Ultrafast hydration dynamics in protein unfolding: human serum albumin.

We report studies of unfolding and ultrafast hydration dynamics of the protein human serum albumin. Unique in this study is our ability to examine different domains of the same protein and the intermediate on the way to the unfolded state. With femtosecond resolution and site-selective labeling, we isolate the dynamics of domains I and II of the native protein, domain I of the intermediate at 2 M guanidine hydrochloride, and the unfolded state at 6 M of the denaturant.

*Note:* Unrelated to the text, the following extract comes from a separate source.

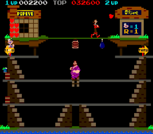 Popeye, le célèbre marin a eu droit lui aussi à une adaptation sur borne Arcade. Le jeu ressemble à un Donkey Kong, ce qui est normal quand on sait que le jeu est édité par Nintendo. Vous dirigez Popeye et vous devez récupérer les cœurs que vous envoie Olive, la copine de Popeye. vous pouvez juste courir et donner des coups de poing et croyez moi cela ne suffira pas à vous débarrasser de Brutus, le rival de notre marin. Heureusement, une fois la boîte d’épinard en votre possession, vous pourrez exploser le vilain. Graphiquement simpliste, dans un style Donkey Kong assumé, ce jeu vous prendra bien la tête avec une musique et une jouabilité assez énervante comme souvent avec les jeux de réflexion de l’époque. Un jeu à réserver aux puristes et aux amateurs de challenge.

For studies of unfolding, we used the fluorophores, acrylodan (covalently bound to Cys-34 in domain I) and the intrinsic tryptophan (domain II), whereas for hydration dynamics, we probed acrylodan and prodan; the latter is bound to domain II. From the time-dependent spectra and the correlation functions, we obtained the time scale of dynamically ordered water: 57 ps for the more stable domain I and 32 ps for the less stable domain II, in contrast to approximately 0.8 ps for labile, bulk-type water. This trend suggests an increased hydrophilic residues-water interaction of domain I, contrary to some packing models. In the intermediate state, which is characterized by essentially intact domain I and unfolded domain II, the dynamics of ordered water around domain I is nearly the same (61 ps) as that of native state (57 ps), whereas that in the unfolded protein is much shorter (13 ps). We discuss the role of this fluidity in the correlation between stability and function of the protein.